Randomized, parallel-group, prospective trial
Listening to music was associated with improvement in pain (p < 0.001) and depression (p = 0.004). Listening to poetry was associated with improvement in pain (p < 0.001), depression (p = 0.001), and hope (p = 0.009). Individuals with either intervention had improvement in pain compared to the controls (p < 0.001), but no difference was observed in other outcomes.
Listening to music or poetry reading may help in the management of pain and depressive symptoms.
Listening to music or poetry may be beneficial to patients in the management of pain and dealing with depressive symptoms. Flaws in this study limit the strength of these findings; however, these are low-risk and low-cost interventions that might be beneficial. The type of music and poetry would likely affect the results for various patients.
Babu, G., Saldanha, S.C., Kuntegowdanahalli Chinnagiriyappa, L., Jacob, L.A., Mallekavu, S.B., Dasappa, L., . . . Arroju, V. (2016). The efficacy, safety, and cost benefit of olanzapine versus aprepitant in highly emetogenic chemotherapy: A pilot study from South India. Chemotherapy Research and Practice, 2016, 3439707.
To compare the efficacy, safety, and cost of olanzapine-based triplet antiemetics compared to the use of aprepitant as part of antiemetics in chemotherapy-naïve patients receiving highly emetogenic chemotherapy
The olanzapine group received 10 mg olanzapine orally (PO), 0.25 mg palonosetron intravenously (IV), and 20 mg dexamethasone IV on day 1; and then 5 mg olanzapine PO and 4 mg dexamethasone PO on days 2–4. The aprepitant group was given 125 mg aprepitant PO, 0.25 mg palonosetron IV, and 12 mg dexamethasone IV on day 1; 80 mg aprepitant PO on days 2 and 3; and 4 mg dexamethasone PO on days 2–4. Patients were asked to record the intensity of nausea, the use of rescue medication, and vomiting daily in a diary. Patients were contacted daily for reminders to record symptoms.

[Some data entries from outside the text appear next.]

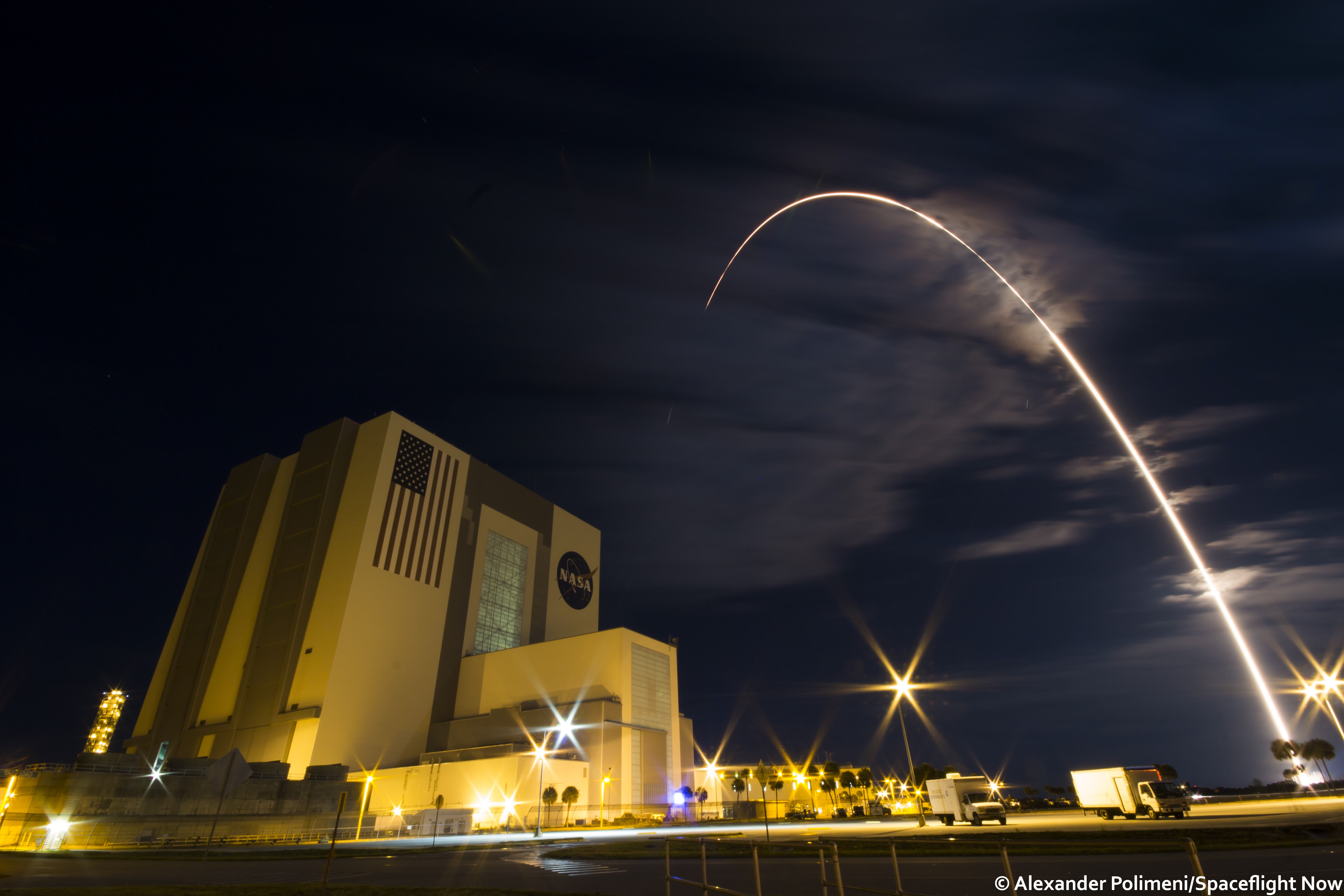 Long exposure streak shot of blastoff of United Launch Alliance Atlas V rocket carrying Orbital ATK's Cygnus spacecraft at 11:05 p.m. EDT on March 22, 2016, with foreground view of world famous Vehicle Assembly Building (VAB) at NASA's Kennedy Space Center in Florida. Atlas V lifted off from nearby Space Launch Complex 41 on Cape Canaveral Air Force Station in Florida. Credit: Alex Polimeni/Spaceflight Now [/caption]
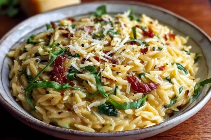 Dieses Gericht überzeugt durch seine ausgewogene Kombination aus cremiger Konsistenz, salziger Würze und frischer Note. Das Orzo gart direkt in der aromatischen Flüssigkeit und nimmt dabei besonders viel Geschmack auf. Zusammen mit Parmesan, Sahne, Zwiebel, Knoblauch und einem Hauch Chili entsteht ein intensives, rundes Aroma, das durch Rucola oder Spinat und knusprigen Speck perfekt ergänzt wird.
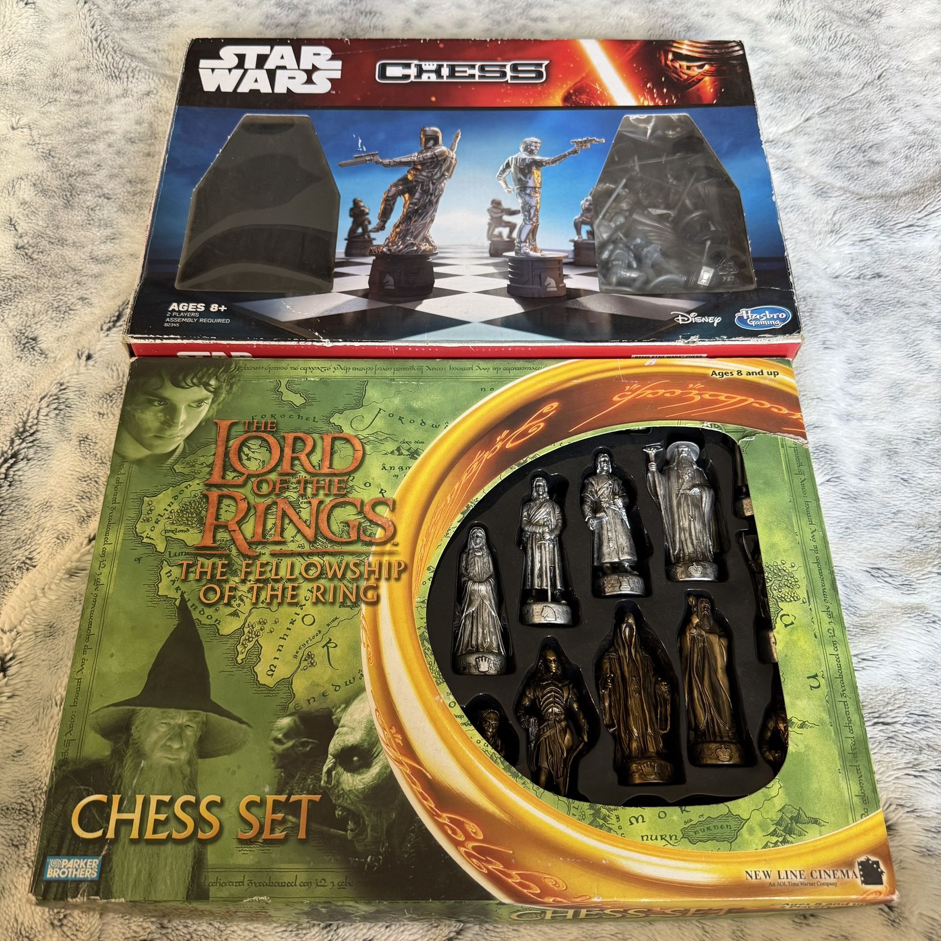 Pick up only Lot of 2 chess sets Both are used but complete The sets themselves have had minimal use over the years. The Lord of the rings set was maybe played with 3 times The Lord of the Rings set box is in decent condition The Star Wars set was used more often but still in great condition The Star Wars set box isn’t in good shape as it was opened many times for use by the kids Offers accepted Any questions feel free to message me
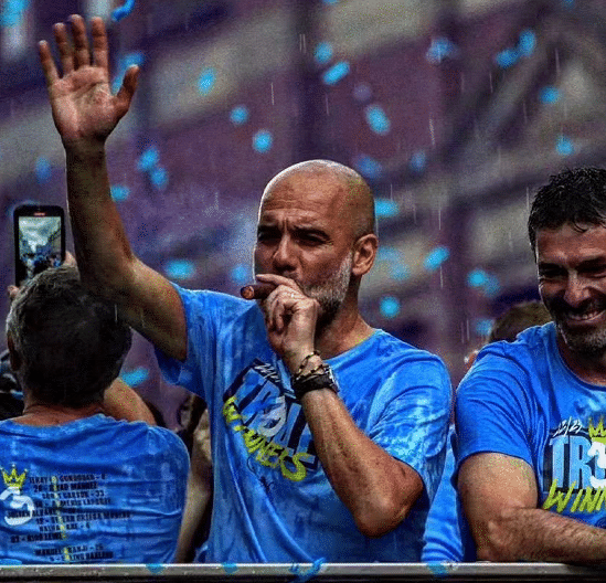 瓜迪奥拉穿着冠军T恤出场的时候点燃了所有人的激情,他也不断挥舞着手臂,现场合唱瓜迪奥拉之歌,瓜帅高举奖杯。在游行期间,瓜迪奥拉的胜利雪茄安排上了,对于这样顶级的主帅来说,他的压力也是巨大的,如今斩获三冠王,终于可以好好放松下了。
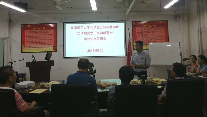 在达中107举行2019届化学一级学科硕士毕业论文答辩会。本次答辩委员会主席由厦门大学博士生导师陈曦教授担任,答辩委员会成员有福建师范大学博士生导师项生昌教授、华侨大学博士生导师骆耿耿教授及色色动漫
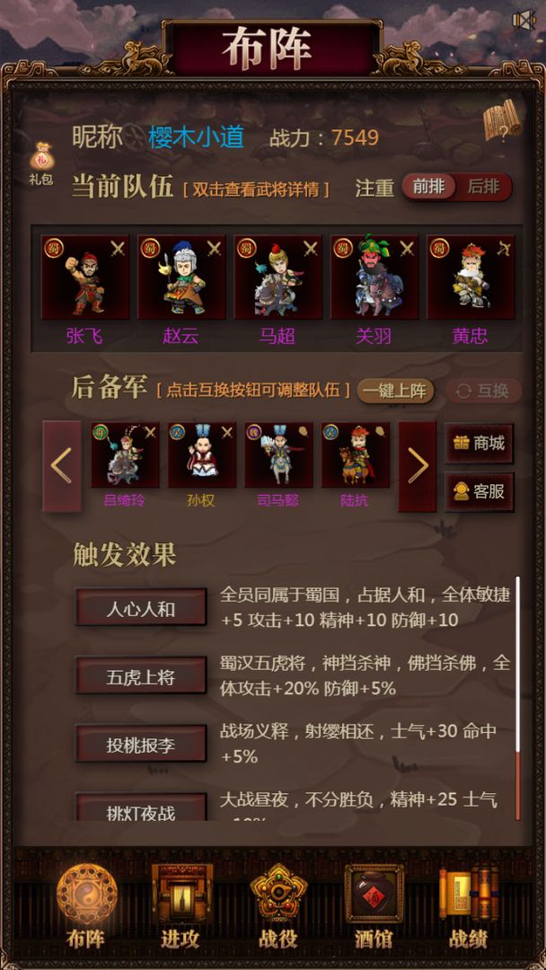 1、通过招募强大的将领,合理的阵容;
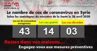 Damas-SANA / Le ministère de la Santé a indiqué que trois cas de coronavirus parmi les cas enregistrés en Syrie avaient été guéris et qu’un nouveau cas de coronavirus avait …

PHASE OF CARE: Active antitumor treatment
No significant differences existed between groups in complete response rates or nausea severity. No grade 3 or 4 toxicities existed. Adverse events associated with olanzapine were sedation and dizziness in less than 10% of patients.
Olanzapine-based triplet antiemetic therapy was as effective as aprepitant-based triplet antiemetics in this study.
Findings suggest that the use of olanzapine in substitution for an NK1 in a triplet antiemetic regimen was effective. The study is limited by its lack of random assignment to study groups, but the groups were well matched on most demographic and other treatment variables. Olanzapine is much less expensive than an NK1 and may be a good alternative for patients who have limited financial resources or insurance coverage for antiemetics.